The first sound that opens Grace/Wastelands, Peter Doherty's first solo effort proper, is the click of plectrum on muted guitar strings and a hushed count-in. So far, so much like the various discs of demos self-released over the years since The Libertines imploded in a blaze of guardsmen's jackets, fistfights and visions of England both crystal-sharp and pink-gin tinted. But something has changed: 'Arcady' is a song Peterphiles have heard countless times before, though it's previously seemed aimless and unfocused, like it was being written and re-thought during its performance. Here, though, with producer Stephen Street and collaborator Graham Coxon, the songs have been finished, polished and rethought before recording.

This album, then, is the first Peter Doherty solo album - The Libertines and Babyshambles' four studio records were definitely group efforts, with Doherty's poetic side complimented and obscured by his erstwhile contributors. So what is the state of Albion? Pretty good, actually, to the shock of a good number of record critics. Grace/Wastelands has been praised for its sonic range, featuring cinematic strings, dub rhythms (including that reverb/delay drenched "distant horn" type noise that always seems to show up on any vaguely dubby sounding track) and even a jazz stomp on the excellent 'Sweet By And By'.

And Doherty's songs stand up very well generally; his favourite subject, the contrast of real-life Britain with the pastoral idyll of Albion is the subject of most of the tracks here - when he does stray to portraits of non-English subjects such as biblical stripper and renowned severed-head fan Salom, it is through a Wildean cipher. But when the seam is so rich, why should we be upset when Doherty decides to stay inside his comfort zone? Especially when it produces songs like '1939 Returning,' a beautiful and sorrowful effort that compares the experiences of soldiers and evacuees in the Second World War with what they're doing now, where "pills aren't the only blues".

There are weak points: the only song with a Doherty/Bar credit here, 'A Little Death Around the Eyes' has a wonderfully menacing Scott Walker gloss on it, though one can't quite imagine the patron saint of avant-garde music disguised as pop penning the couplet "Your boyfriend's name was Dave/I was bold and brave". It's no punching a donkey in the streets of Galway, that's for sure. And Doherty's voice isn't quite up to the demands some of the songs place on it, but it is a lot clearer and less incomprehensible than it has been previously, which is A Good Thing unless you can't stand the sound of it, but one would wonder why you were listening, unless perhaps you were a Sun reporter determined to draw some sort of drug narrative out of it.

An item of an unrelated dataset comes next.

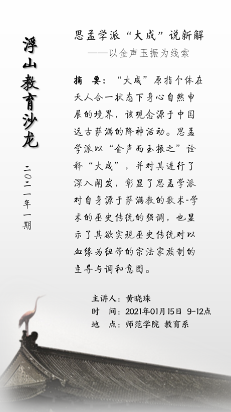 2021年新年伊始,师范学院教育系举行了新年第一期“浮山教育学术沙龙”。此次沙龙主讲人黄晓珠老师为大家介绍了她近期展开的有关思孟学派“大成”思想的研究。

Ah yes. Drugs. The lesser cause of Doherty's problems throughout his life (the greater being the media), and the reason he exists as a character rather than an artist and performer in the minds of most of the braying idiots who trample around being confused and angry. I was determined I would only mention them at the very end of the review, because they don't need to be mentioned in the same breath as Peter Doherty anymore. With Grace/Wastelands, he has silenced his critics and done what his real function is. Not selling papers, not being the subject of tutted disdain at Daily Mail readers' dinner and veiled race-hate parties, but making music, and bloody good music at that. Don't Look Back Into the Sun, eh?